• Goal of the exercise
Among the lines of the listing below, retype exactly those from the one containing "CD55, also known" through the one containing "Fit to perfection, we", both included. Do not include pictures.

• The records
____________
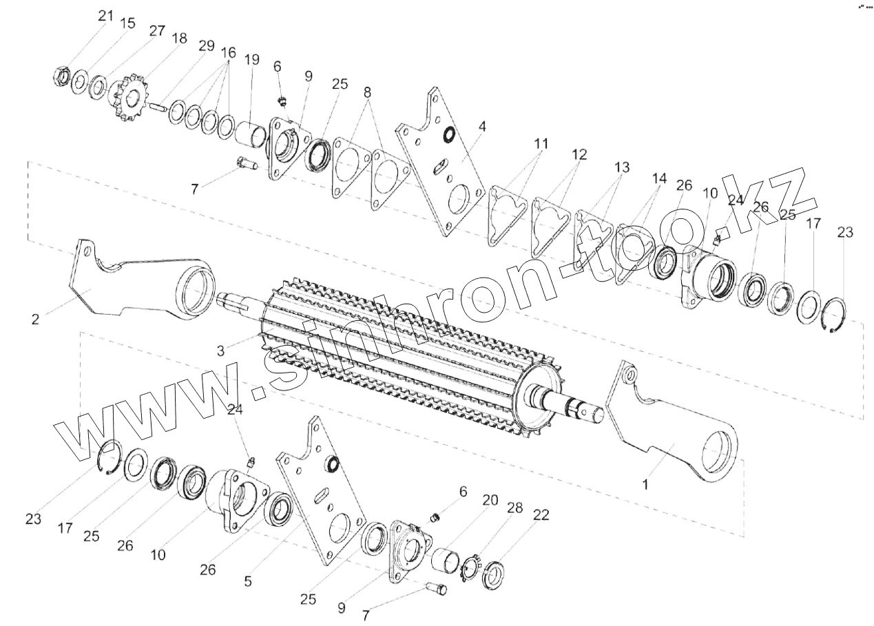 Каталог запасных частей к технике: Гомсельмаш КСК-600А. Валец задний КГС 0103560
____________
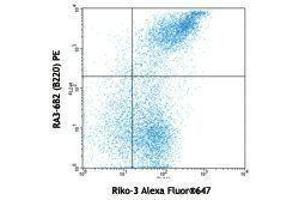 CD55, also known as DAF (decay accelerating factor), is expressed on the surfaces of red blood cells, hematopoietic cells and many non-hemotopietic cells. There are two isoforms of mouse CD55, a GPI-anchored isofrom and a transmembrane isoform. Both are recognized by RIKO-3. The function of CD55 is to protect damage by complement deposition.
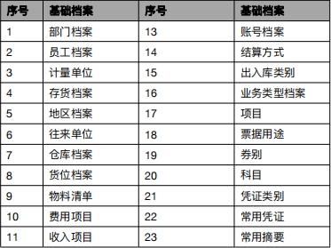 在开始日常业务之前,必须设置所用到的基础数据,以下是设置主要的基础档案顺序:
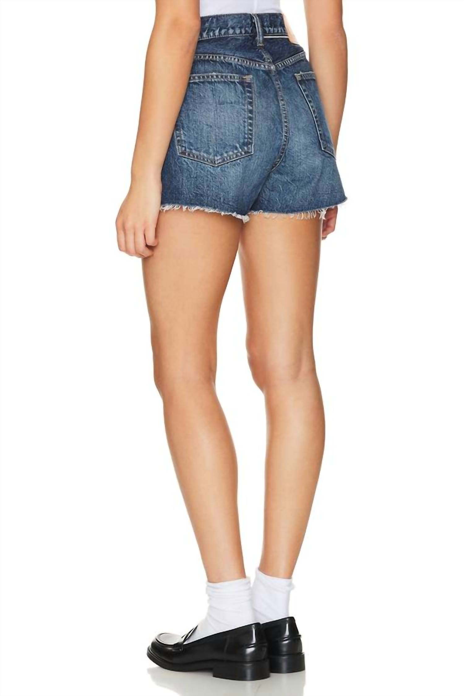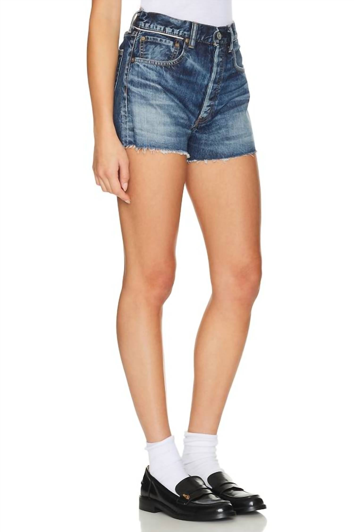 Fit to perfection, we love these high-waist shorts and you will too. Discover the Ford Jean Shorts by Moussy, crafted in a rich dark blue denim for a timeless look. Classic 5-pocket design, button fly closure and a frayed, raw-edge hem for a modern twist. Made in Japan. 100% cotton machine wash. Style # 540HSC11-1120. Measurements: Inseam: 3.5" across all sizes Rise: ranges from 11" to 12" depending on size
____________
• Result of the exercise
 CD55, also known as DAF (decay accelerating factor), is expressed on the surfaces of red blood cells, hematopoietic cells and many non-hemotopietic cells. There are two isoforms of mouse CD55, a GPI-anchored isofrom and a transmembrane isoform. Both are recognized by RIKO-3. The function of CD55 is to protect damage by complement deposition.
 在开始日常业务之前,必须设置所用到的基础数据,以下是设置主要的基础档案顺序:
 Fit to perfection, we love these high-waist shorts and you will too. Discover the Ford Jean Shorts by Moussy, crafted in a rich dark blue denim for a timeless look. Classic 5-pocket design, button fly closure and a frayed, raw-edge hem for a modern twist. Made in Japan. 100% cotton machine wash. Style # 540HSC11-1120. Measurements: Inseam: 3.5" across all sizes Rise: ranges from 11" to 12" depending on size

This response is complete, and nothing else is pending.